» MATERIAL PROVIDED
----------------
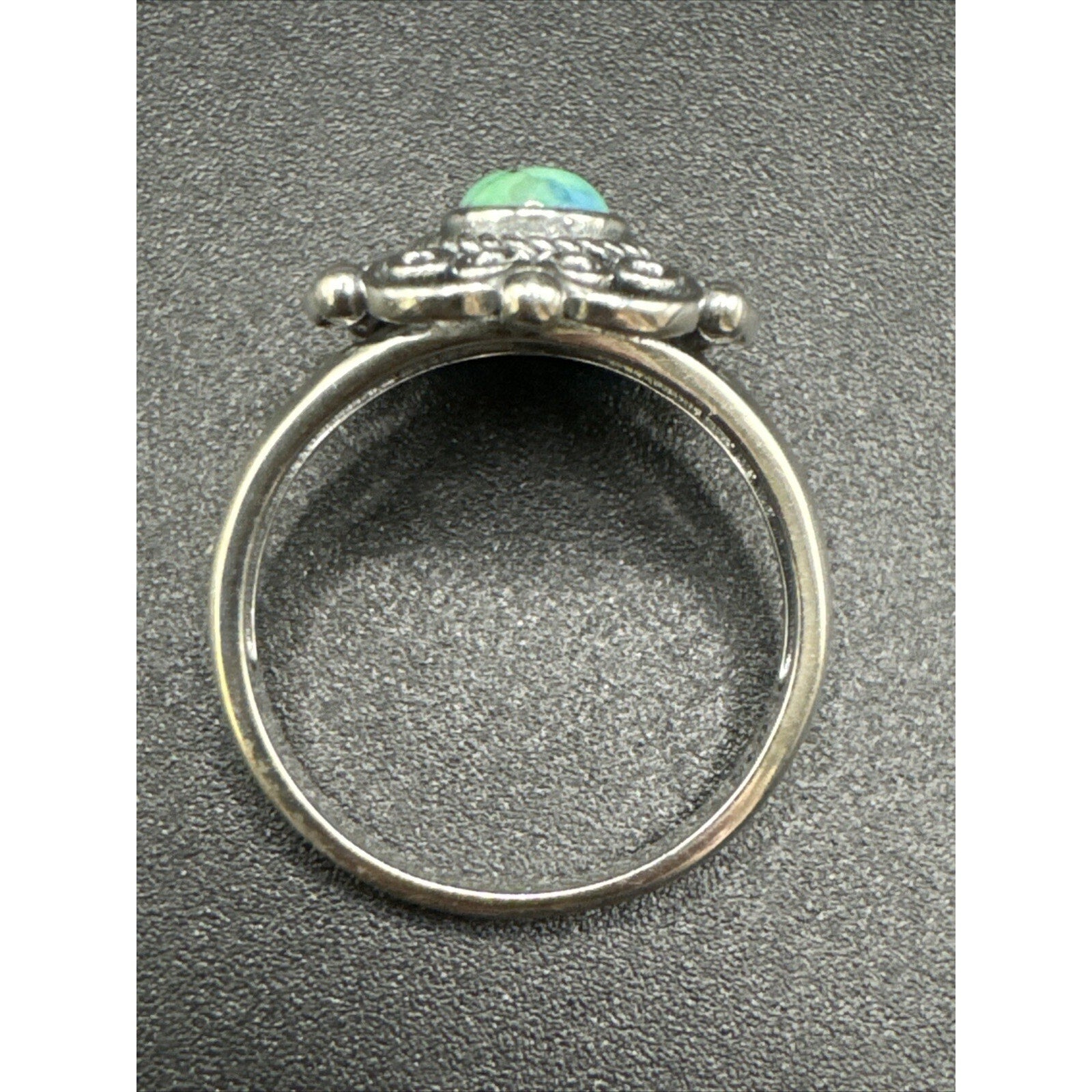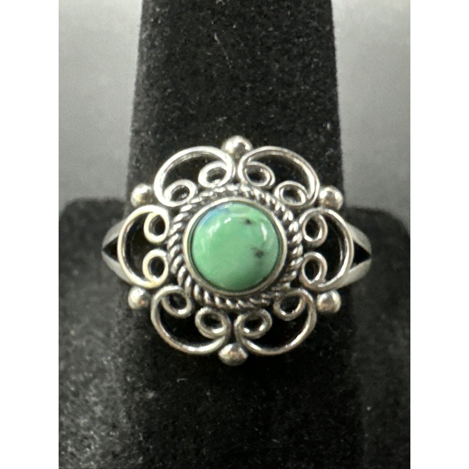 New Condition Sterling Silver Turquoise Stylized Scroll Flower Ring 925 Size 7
----------------
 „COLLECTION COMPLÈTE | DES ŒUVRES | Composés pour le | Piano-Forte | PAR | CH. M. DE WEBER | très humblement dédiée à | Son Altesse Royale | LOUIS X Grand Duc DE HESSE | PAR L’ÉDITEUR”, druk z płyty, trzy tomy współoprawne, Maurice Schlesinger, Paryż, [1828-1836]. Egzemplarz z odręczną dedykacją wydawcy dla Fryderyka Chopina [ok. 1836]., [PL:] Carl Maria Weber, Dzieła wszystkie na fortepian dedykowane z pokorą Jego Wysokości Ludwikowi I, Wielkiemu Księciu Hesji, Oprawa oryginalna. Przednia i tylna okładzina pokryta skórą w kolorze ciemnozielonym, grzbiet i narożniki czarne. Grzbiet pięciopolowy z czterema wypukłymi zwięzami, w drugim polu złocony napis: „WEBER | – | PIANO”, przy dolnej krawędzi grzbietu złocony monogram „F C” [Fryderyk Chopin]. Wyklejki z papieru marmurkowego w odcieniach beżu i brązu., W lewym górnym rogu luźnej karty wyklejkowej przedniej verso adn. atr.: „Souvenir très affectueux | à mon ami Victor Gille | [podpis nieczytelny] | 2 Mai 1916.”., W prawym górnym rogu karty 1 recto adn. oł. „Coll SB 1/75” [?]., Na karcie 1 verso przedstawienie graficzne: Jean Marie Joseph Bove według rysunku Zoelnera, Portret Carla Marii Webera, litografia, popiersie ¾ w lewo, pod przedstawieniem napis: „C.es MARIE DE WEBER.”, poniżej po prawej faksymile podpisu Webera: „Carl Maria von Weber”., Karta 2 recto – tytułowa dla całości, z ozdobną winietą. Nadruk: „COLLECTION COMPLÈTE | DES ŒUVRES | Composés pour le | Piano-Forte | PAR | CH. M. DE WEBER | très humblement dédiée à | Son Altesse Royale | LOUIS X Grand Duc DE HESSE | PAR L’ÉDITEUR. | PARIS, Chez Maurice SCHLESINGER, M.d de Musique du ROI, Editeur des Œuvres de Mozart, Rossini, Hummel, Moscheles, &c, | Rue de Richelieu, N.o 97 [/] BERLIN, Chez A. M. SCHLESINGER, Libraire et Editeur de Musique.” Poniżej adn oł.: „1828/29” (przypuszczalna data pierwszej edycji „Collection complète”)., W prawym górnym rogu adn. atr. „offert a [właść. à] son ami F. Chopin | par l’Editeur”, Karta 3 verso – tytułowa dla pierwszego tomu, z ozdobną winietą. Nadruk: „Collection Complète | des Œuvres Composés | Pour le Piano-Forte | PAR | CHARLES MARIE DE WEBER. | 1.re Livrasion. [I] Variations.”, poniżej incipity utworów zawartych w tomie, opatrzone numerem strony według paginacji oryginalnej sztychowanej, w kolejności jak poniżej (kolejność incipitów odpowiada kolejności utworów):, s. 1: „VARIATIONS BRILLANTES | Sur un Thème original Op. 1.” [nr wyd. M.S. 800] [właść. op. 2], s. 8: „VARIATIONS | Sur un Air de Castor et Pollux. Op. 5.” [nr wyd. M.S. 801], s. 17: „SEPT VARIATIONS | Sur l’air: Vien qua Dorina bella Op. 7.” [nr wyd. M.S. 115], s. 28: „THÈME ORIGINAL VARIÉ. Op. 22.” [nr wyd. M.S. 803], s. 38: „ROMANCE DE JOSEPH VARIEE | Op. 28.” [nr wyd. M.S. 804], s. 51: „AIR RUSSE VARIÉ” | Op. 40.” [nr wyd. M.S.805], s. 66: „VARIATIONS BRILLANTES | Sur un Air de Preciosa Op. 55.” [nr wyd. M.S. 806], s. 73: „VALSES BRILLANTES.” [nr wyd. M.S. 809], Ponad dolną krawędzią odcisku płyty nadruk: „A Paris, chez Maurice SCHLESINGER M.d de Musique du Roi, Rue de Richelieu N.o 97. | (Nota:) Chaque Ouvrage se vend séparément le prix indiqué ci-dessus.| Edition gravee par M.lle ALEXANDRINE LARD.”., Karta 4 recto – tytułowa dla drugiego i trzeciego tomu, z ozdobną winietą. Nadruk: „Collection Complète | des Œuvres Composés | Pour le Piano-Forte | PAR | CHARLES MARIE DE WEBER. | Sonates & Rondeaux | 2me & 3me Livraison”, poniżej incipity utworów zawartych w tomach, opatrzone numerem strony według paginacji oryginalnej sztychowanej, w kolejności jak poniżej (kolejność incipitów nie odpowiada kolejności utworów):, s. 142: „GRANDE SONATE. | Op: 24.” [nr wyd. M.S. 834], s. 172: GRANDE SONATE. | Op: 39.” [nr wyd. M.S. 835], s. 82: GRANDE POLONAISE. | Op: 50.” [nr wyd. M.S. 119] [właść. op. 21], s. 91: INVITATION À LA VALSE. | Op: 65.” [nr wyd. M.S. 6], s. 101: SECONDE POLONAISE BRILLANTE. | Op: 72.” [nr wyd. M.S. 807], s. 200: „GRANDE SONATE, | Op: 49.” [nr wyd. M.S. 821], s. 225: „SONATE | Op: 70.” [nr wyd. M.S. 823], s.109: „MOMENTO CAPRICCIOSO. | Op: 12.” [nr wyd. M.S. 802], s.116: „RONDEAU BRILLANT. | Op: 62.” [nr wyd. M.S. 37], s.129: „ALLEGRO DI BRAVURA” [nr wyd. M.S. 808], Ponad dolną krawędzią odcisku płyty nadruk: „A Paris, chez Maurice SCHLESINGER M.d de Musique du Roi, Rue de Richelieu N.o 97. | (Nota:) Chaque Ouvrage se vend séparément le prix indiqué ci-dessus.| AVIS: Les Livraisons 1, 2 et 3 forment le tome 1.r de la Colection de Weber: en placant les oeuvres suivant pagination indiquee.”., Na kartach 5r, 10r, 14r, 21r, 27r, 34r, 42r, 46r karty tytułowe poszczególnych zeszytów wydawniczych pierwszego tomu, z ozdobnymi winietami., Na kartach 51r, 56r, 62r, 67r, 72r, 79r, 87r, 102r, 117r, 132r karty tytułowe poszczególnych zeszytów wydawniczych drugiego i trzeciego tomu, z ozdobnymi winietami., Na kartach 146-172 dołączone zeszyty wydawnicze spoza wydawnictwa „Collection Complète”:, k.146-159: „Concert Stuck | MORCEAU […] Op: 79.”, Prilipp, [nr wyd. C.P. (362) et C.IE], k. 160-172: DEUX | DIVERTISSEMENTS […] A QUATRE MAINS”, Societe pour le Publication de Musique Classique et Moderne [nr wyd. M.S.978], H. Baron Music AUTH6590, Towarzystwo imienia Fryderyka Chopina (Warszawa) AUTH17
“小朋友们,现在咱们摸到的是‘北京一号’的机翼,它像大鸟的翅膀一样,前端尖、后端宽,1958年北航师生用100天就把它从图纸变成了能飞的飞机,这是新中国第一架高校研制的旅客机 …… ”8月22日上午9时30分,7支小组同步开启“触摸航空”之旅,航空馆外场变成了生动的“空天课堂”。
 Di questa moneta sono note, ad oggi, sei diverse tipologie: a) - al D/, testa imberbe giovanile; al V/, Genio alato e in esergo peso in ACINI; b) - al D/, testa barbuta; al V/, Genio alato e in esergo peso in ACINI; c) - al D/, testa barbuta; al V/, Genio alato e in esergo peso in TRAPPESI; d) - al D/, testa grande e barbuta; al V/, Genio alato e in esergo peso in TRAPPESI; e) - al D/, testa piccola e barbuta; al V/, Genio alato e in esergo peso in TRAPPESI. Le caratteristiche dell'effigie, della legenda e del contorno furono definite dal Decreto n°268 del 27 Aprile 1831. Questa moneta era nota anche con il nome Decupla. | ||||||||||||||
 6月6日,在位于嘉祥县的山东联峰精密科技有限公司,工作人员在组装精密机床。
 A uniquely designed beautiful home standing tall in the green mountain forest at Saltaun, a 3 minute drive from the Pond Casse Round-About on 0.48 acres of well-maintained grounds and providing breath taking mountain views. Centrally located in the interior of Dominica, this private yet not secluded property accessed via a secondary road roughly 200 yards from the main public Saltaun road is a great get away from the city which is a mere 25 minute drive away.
----------------
Go through the material above and output exactly the lines from the one containing "Di questa moneta" through the one containing "6月6日,在位于嘉祥县的山东联峰精密科技有限公司,工作人员在组装精密机床。".

 Di questa moneta sono note, ad oggi, sei diverse tipologie: a) - al D/, testa imberbe giovanile; al V/, Genio alato e in esergo peso in ACINI; b) - al D/, testa barbuta; al V/, Genio alato e in esergo peso in ACINI; c) - al D/, testa barbuta; al V/, Genio alato e in esergo peso in TRAPPESI; d) - al D/, testa grande e barbuta; al V/, Genio alato e in esergo peso in TRAPPESI; e) - al D/, testa piccola e barbuta; al V/, Genio alato e in esergo peso in TRAPPESI. Le caratteristiche dell'effigie, della legenda e del contorno furono definite dal Decreto n°268 del 27 Aprile 1831. Questa moneta era nota anche con il nome Decupla. | ||||||||||||||
 6月6日,在位于嘉祥县的山东联峰精密科技有限公司,工作人员在组装精密机床。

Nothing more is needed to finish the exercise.